Tomita Kozo, Weiner Alan M
Department of Biochemistry, University of Washington School of Medicine, Seattle 98195-7350, USA.
J Biol Chem. 2002 Dec 13;277(50):48192-8. doi: 10.1074/jbc.M207527200. Epub 2002 Oct 4.

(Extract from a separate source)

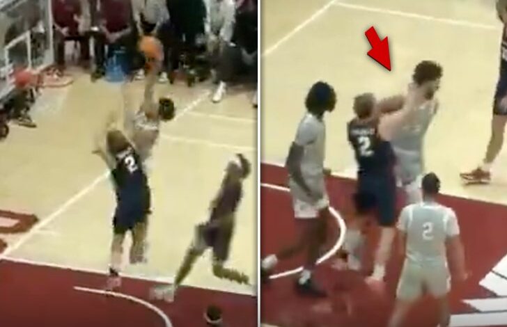 Кошаркаш са колеџа је брутално постављен усред утакмице у среду… и очигледно је одлучио да се изједначи тако што је ударио противника у лудој сцени.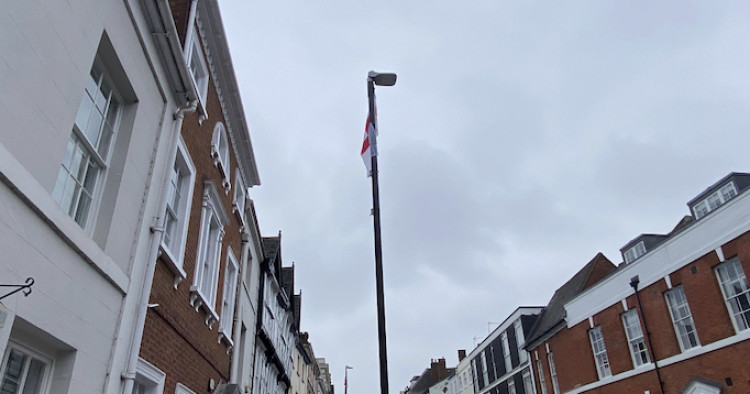 Installed by group 'Raise the Colours', the flags have been installed on lampposts across the town centre.

The 3'-terminal CCA sequence of tRNA is faithfully constructed and repaired by the CCA-adding enzyme (ATP(CTP):tRNA nucleotidyltransferase) using CTP and ATP as substrates but no nucleic acid template. Until recently, all CCA-adding enzymes from all three kingdoms appeared to be composed of a single kind of polypeptide with dual specificity for adding both CTP and ATP; however, we recently found that in Aquifex aeolicus, which lies near the deepest root of the eubacterial 16 S rRNA-based phylogenetic tree, CCA addition represents a collaboration between closely related CC-adding and A-adding enzymes (Tomita, K. and Weiner, A. M. (2001) Science 294, 1334-1336). Here we show that in Synechocystis sp. and Deinococcus radiodurans, as in A. aeolicus, CCA is added by homologous CC- and A-adding enzymes. We also find that the eubacterial CCA-, CC-, and A-adding enzymes, as well as the related eubacterial poly(A) polymerases, each fall into phylogenetically distinct groups derived from a common ancestor. Intriguingly, the Thermatoga maritima CCA-adding enzyme groups with the A-adding enzymes, suggesting that these distinct tRNA nucleotidyltransferase activities can intraconvert over evolutionary time.
tRNA的3'-末端CCA序列是由CCA添加酶(ATP(CTP):tRNA核苷酸转移酶)以CTP和ATP为底物、无需核酸模板精确构建和修复的。直到最近,来自所有三个生物界的所有CCA添加酶似乎都由一种对添加CTP和ATP具有双重特异性的单一多肽组成;然而,我们最近发现,在基于真细菌16S rRNA的系统发育树根部附近的嗜热栖热菌中,CCA的添加是由密切相关的CC添加酶和A添加酶协同完成的(富田,K.和韦纳,A.M.(2001年)《科学》294,1334 - 1336)。在这里我们表明,与嗜热栖热菌一样,在集胞藻属和耐辐射球菌中,CCA是由同源的CC添加酶和A添加酶添加的。我们还发现,真细菌的CCA添加酶、CC添加酶和A添加酶,以及相关的真细菌聚腺苷酸聚合酶,各自都属于从一个共同祖先衍生而来的系统发育上不同的组。有趣的是,嗜热栖热放线菌的CCA添加酶与A添加酶归为一组,这表明这些不同的tRNA核苷酸转移酶活性在进化过程中可以相互转化。